====== Given information ======

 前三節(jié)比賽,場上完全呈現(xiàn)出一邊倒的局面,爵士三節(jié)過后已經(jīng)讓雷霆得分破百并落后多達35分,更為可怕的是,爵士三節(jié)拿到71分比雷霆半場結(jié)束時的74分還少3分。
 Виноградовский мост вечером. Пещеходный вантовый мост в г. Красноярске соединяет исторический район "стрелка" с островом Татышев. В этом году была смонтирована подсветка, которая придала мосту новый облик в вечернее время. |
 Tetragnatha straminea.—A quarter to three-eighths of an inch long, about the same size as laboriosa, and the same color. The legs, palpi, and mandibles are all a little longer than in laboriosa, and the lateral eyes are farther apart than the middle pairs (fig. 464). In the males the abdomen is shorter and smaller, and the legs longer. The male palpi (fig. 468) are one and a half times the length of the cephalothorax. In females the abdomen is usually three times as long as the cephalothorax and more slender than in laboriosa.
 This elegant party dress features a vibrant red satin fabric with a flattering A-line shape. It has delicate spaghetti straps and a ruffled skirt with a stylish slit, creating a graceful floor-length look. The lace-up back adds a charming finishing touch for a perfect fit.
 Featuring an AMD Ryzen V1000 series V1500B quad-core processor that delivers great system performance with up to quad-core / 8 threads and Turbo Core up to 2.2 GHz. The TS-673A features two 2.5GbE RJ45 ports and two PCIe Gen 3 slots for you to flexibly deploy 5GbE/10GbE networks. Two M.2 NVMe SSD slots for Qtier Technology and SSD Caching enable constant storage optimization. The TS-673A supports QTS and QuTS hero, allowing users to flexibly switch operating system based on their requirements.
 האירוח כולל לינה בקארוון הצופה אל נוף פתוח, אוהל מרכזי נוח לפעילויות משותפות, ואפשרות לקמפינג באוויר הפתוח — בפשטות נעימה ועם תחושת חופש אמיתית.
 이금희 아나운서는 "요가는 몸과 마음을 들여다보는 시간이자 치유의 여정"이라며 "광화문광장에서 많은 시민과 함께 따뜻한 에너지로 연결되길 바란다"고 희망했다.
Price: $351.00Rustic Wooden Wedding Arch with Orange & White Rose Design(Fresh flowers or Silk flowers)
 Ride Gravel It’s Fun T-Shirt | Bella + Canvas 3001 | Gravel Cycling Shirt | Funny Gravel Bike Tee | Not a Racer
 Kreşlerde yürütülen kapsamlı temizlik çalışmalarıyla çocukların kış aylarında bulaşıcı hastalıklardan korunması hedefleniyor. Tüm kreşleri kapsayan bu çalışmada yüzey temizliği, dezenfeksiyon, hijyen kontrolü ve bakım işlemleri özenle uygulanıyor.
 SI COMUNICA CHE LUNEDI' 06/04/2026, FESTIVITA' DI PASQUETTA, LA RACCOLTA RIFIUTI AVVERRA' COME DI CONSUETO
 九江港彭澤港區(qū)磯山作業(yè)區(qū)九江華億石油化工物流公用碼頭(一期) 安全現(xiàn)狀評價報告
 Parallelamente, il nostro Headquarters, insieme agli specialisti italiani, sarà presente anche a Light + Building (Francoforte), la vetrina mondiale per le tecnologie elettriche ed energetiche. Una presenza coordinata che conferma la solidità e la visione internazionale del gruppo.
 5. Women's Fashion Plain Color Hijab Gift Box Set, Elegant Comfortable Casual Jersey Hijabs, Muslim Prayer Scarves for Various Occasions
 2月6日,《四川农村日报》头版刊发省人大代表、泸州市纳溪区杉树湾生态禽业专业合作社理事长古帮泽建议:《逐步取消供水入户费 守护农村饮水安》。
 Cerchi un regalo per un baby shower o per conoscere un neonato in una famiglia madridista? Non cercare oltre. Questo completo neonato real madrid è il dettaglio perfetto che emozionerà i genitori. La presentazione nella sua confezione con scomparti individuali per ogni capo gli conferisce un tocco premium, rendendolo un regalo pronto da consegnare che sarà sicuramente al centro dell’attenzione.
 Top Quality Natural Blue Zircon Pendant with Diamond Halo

======

▶ **Work to complete**:
From the records above, quote only the lines running from the line with "Parallelamente, il nostro" to the line with "2月6日,《四川农村日报》头", both lines included.

▶ **Task solution**:
 Parallelamente, il nostro Headquarters, insieme agli specialisti italiani, sarà presente anche a Light + Building (Francoforte), la vetrina mondiale per le tecnologie elettriche ed energetiche. Una presenza coordinata che conferma la solidità e la visione internazionale del gruppo.
 5. Women's Fashion Plain Color Hijab Gift Box Set, Elegant Comfortable Casual Jersey Hijabs, Muslim Prayer Scarves for Various Occasions
 2月6日,《四川农村日报》头版刊发省人大代表、泸州市纳溪区杉树湾生态禽业专业合作社理事长古帮泽建议:《逐步取消供水入户费 守护农村饮水安》。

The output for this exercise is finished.